Since that time our children visit me in this way. Every two weeks our daughter visits. And the weeks in between our son,  who lives just two miles down the road - and so again  every two weeks. 

In the mean time our daughter MIGHT phone in between her two weekly visits?  Our son never does. It seems in all a case of ' Out of sight. Out of mind.' 

Anne and I bailed those kids out of financial difficulties in the past, even paying off our sons mortgage because he can't work through  mental problems yet seems to brightens up during his visits? Great companyGrinning

I experience clinical depression and acute anxiety having been on medication for over 30yrs. ( Met Police service and the things I've dealt with.)  I even attempted suicide 6 weeks ago.
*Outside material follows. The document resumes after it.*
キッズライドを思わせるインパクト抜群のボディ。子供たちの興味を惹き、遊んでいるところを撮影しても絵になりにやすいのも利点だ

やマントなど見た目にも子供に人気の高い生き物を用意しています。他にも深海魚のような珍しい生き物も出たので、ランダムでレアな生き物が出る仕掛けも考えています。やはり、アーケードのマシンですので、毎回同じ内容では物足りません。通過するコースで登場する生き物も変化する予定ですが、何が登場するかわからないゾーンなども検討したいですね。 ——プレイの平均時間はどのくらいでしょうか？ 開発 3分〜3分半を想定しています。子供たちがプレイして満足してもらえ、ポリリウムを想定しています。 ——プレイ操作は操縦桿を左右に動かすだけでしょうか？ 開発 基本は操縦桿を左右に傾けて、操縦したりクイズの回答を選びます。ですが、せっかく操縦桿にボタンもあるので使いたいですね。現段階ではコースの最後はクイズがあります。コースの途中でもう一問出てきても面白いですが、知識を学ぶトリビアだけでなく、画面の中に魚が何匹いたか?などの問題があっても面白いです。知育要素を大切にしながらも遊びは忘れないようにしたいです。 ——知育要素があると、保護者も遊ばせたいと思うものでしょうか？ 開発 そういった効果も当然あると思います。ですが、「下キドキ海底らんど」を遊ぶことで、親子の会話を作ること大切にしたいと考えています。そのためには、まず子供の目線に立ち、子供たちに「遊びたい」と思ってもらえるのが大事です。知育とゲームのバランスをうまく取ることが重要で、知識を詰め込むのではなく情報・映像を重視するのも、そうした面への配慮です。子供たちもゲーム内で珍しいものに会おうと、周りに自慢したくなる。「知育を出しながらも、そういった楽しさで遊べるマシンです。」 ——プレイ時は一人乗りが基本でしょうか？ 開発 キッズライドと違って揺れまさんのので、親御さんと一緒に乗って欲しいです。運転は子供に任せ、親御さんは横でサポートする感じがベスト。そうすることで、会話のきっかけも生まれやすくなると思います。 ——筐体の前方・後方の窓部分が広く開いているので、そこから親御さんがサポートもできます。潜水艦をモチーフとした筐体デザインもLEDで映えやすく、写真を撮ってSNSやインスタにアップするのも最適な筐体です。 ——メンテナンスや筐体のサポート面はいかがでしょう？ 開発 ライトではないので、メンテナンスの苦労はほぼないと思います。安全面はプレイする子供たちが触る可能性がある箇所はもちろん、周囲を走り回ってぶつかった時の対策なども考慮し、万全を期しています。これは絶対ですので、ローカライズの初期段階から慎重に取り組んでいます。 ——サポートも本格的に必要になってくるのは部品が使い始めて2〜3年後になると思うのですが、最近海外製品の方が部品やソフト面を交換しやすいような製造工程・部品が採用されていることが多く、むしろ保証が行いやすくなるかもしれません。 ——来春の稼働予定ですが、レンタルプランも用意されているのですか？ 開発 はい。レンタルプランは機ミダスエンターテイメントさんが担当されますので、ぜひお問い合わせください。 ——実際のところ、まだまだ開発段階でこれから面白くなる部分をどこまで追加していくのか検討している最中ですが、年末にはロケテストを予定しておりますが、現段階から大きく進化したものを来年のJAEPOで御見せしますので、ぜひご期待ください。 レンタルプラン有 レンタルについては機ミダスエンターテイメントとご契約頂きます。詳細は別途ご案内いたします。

My daughter told me off because the police had phoned her at 4-30am in the morning then on her next visit  showed no empathy for what I'd attempted. Apparently I was behaving selfishly without regard for the consequences I'd leave behind. Yet on other visits she's  always sweet. 
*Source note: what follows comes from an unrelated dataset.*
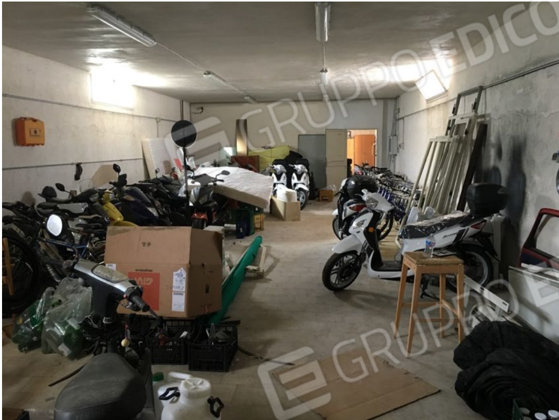
Località Calma n. 10 – Deposito A3 – interno zona centrale

Without friends -  because they've all died before me -  I'm alone at 75yrs. I feel even more alone now. To be honest I feel like saying to our children ' Just don't bother visiting.' I'm OK on my own. Just get on with your own lives. '  So I'm contented with smoking and drinking heavily myself to I hopefully  an early death so I can be reunited with my darling Anne. 

Geoff x

  • Geoff, 

    im so sorry your family are like this. Is there a phone befriending service near you? Perhaps Macmillan or some of the other support Agencies might know, Would a weekly phone call help. X 

  • Thank you puddle fish,

    I'll check around. 

    At the end of all our journeying will be to find ourselves back where we started knowing the place for the first time. TS ELIOT.

  • FormerMember
    FormerMember in reply to Geoff999

    Hello Geoff Let me start by saying its good to here from you again I've often thought of you and how my old copper was doing . Myself I lost my beautiful fiancee on January 2019 and its just so sad my life without the love we did share , My father passed away in May and I'm so struggling both my parents and love lost to me . Families why  does life get so messy when all we need is Love please take care geoff God bless Ann and yourself son 

  • Hello Sunnyboy,

    Goodness you've had it rough my friend I'm truly  sad to hear that. Indeed life does get messy specially for the bereaved. And yes Love is so important in our lives. And I do  now realise that my clinical depression and too much alcohol too often doesn't help. Helpfully an increase in my meds has helped a lot recently through a recent communication with my doctor. I was seriously depressed when I put my post up and in some ways now I wish I hadn't burdened you and others with my woes. Keep in touch sunnyboy.

    Geoff.

    At the end of all our journeying will be to find ourselves back where we started knowing the place for the first time. TS ELIOT.